The judge in the original was Dudley Digges, who certainly gets down to business with typical smoothness and care. Here it's Dudley's successor Sidney Greenstreet. Playing a nice fellow here (which is how he is one of God's agents) he has a choice moment or two when dealing with the passengers - making sure that Garfield gets a degree of stunned humility before he enters heaven accompanied by Allgood, but also dealing with the nastier characters in typically effective Greenstreet manner. Whenever Sidney faced George Coulouris one's sympathies were with Greenstreet (Coulouris always was such a contemptible type against Sydney, even in THE VERDICT). Here it reaches the finest moment between them. Coulouris is used to getting his way with everyone because he's "Lingley of Lingley Ltd." He tries that here, figuring the British class system has been grafted into heaven. Greenstreet tells him he knows and to shut up. Then Edmund Gwenn (the steward - a typically good performance too) starts leading Coulouris away to ... err descend the gangplank, Coulouris demands to know what happened to his question and answer period. "You've had it.", says Greenstreet. "When?", demands Coulouris. "When you said you were "Lingley" of "Lingley Ltd.", replies a stern Greenstreet.
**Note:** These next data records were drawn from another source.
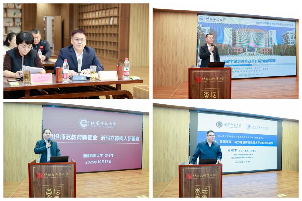 科学技术处、社会科学处讯 10月17日,“新时代师范教育的新使命新担当”研讨会在曲阜师范大学举办。首都师范大学、福建师范大学、淮北师范大学、云南师范大学等20余所高校负责人参加会议。教育部教师工作司有关同志作专题报告,曲阜师范大学党委副书记、校长张洪海致辞,党委常委、副校长胡凡刚主持研讨会。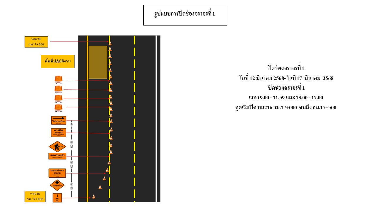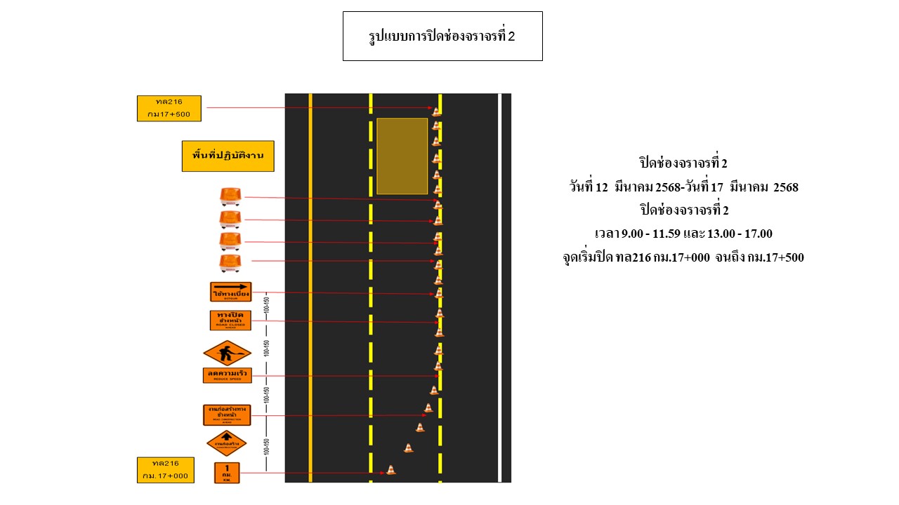 จะดำเนินการปิดช่องจราจร 2 ช่อง เพื่อทำการติดตั้งอุปกรณ์บนพื้นผิวถนน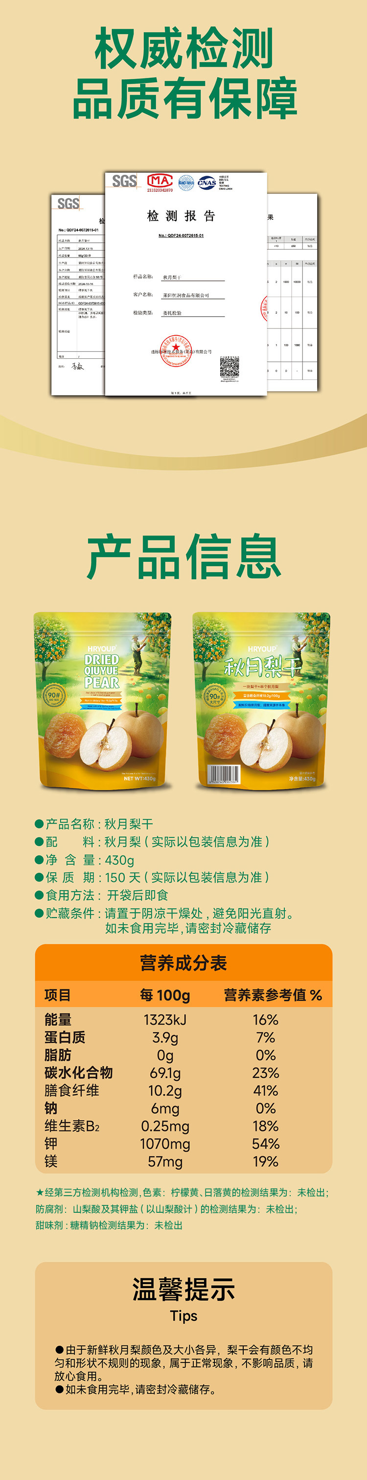 HRYOUP 秋月梨幹 430g 山姆Sam’s Club正品專業代購
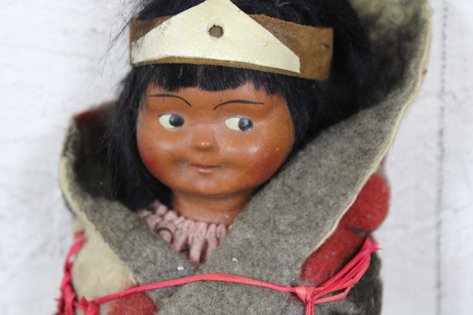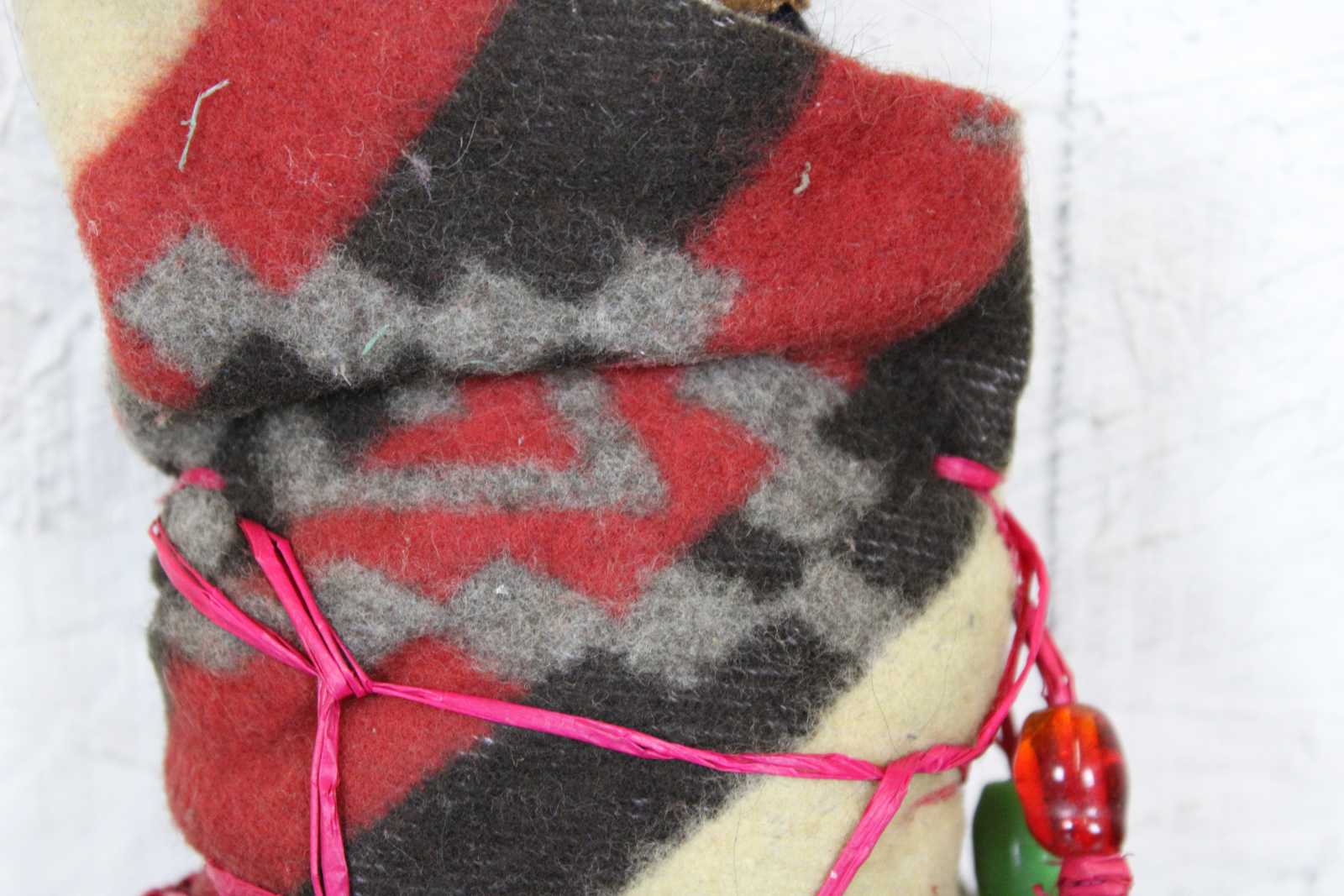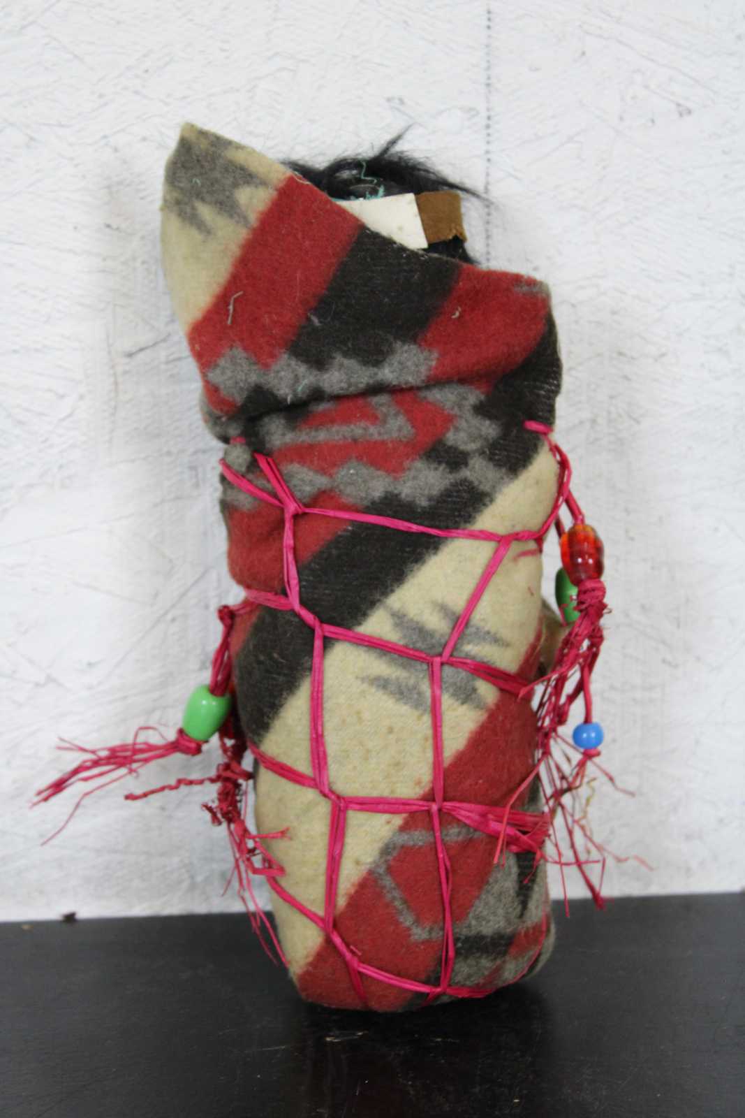 Antique Native American Skookum doll of a small child wrapped in blankets and beaded raffia.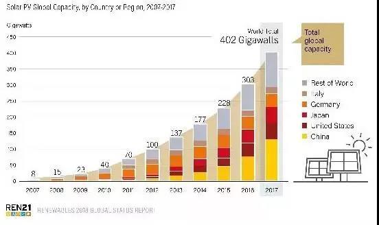 太陽能光伏新增裝機容量達到創(chuàng)紀錄的水平:與2016年相比,太陽能光伏發(fā)電裝機總量增加了29%,達到98GW。光伏新增裝機容量大于燃煤、天然氣和核電凈增裝機容量之和。此外,全球風電新增裝機容量52GW,也對可再生能源總裝機容量起到了擴充作用。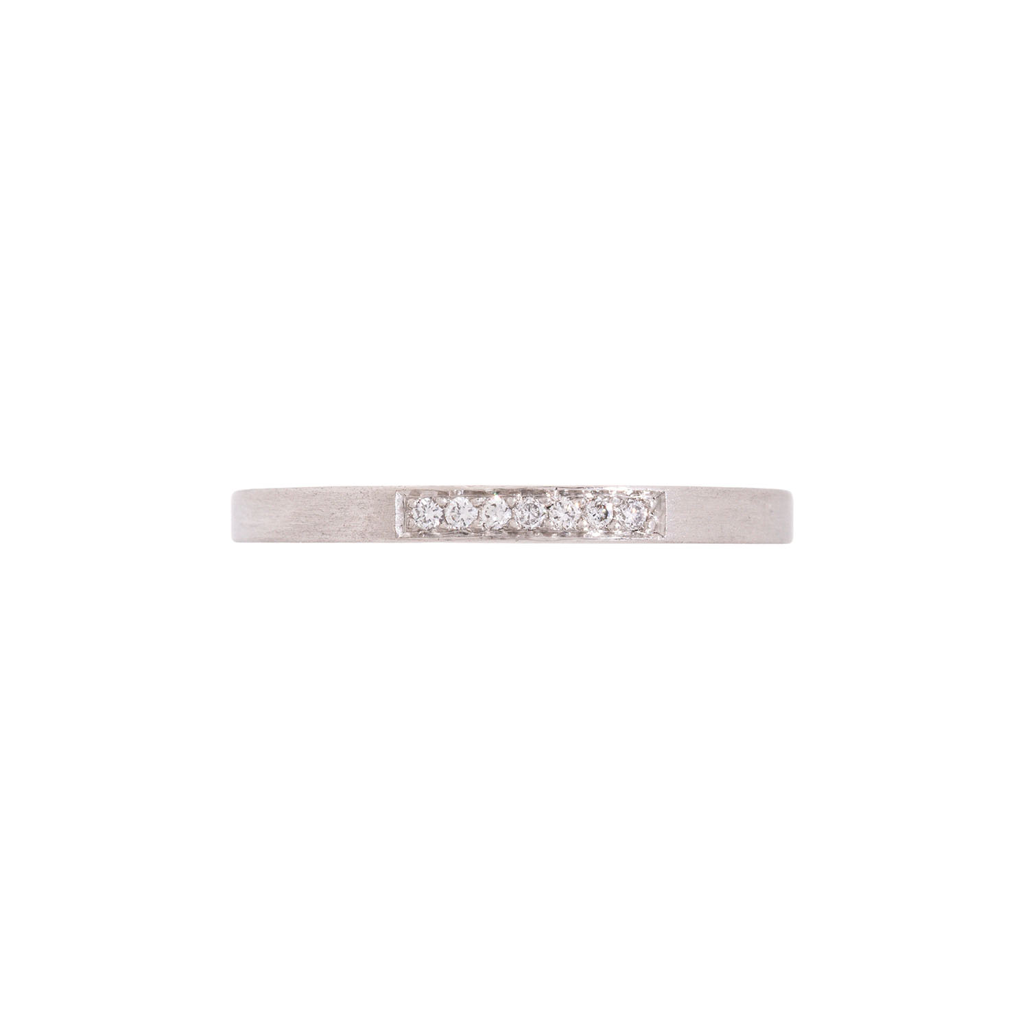 Ring with 7 brilliant cut diamonds, totalling ap. 0.03 ct, platinum, 3.5 g, ring size 51, 21st century, minimal signs of wear.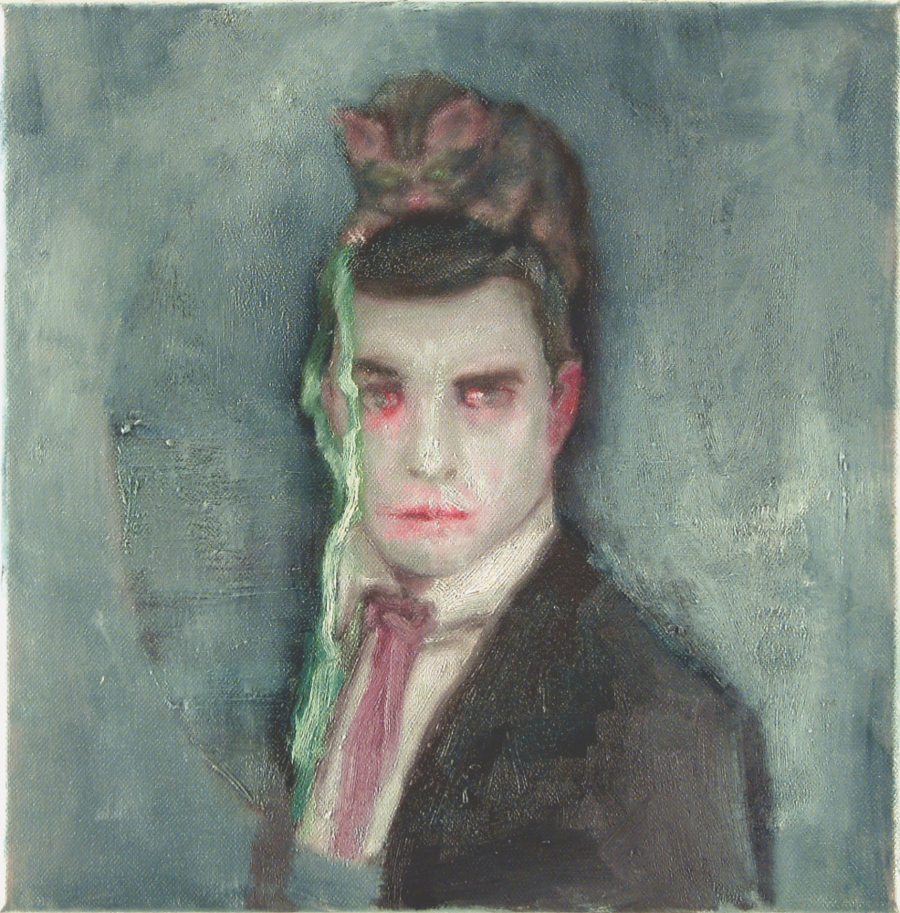 Buster Keaton with cat o.c. 30x30cm. 2002-2003

He then recounts the unscrupulous business career of Coulouris, who actually does try to defend it (he started in poverty and clawed his way up). But he finds nobody to defend him, not even Emerson.

Greenstreet also teaches Elsom a lesson about her social snobbery. She is to live in a fine house - only she can't leave it and she'll be all alone. Emory, however, is reunited with his old friends.

One can say that the views of the screen writers was simplistic, but in cases of allegory or religious drama simplicity becomes a virtue. BETWEEN TWO WORLDS, like the earlier OUTWARD BOUND, remains a very worthy film to watch.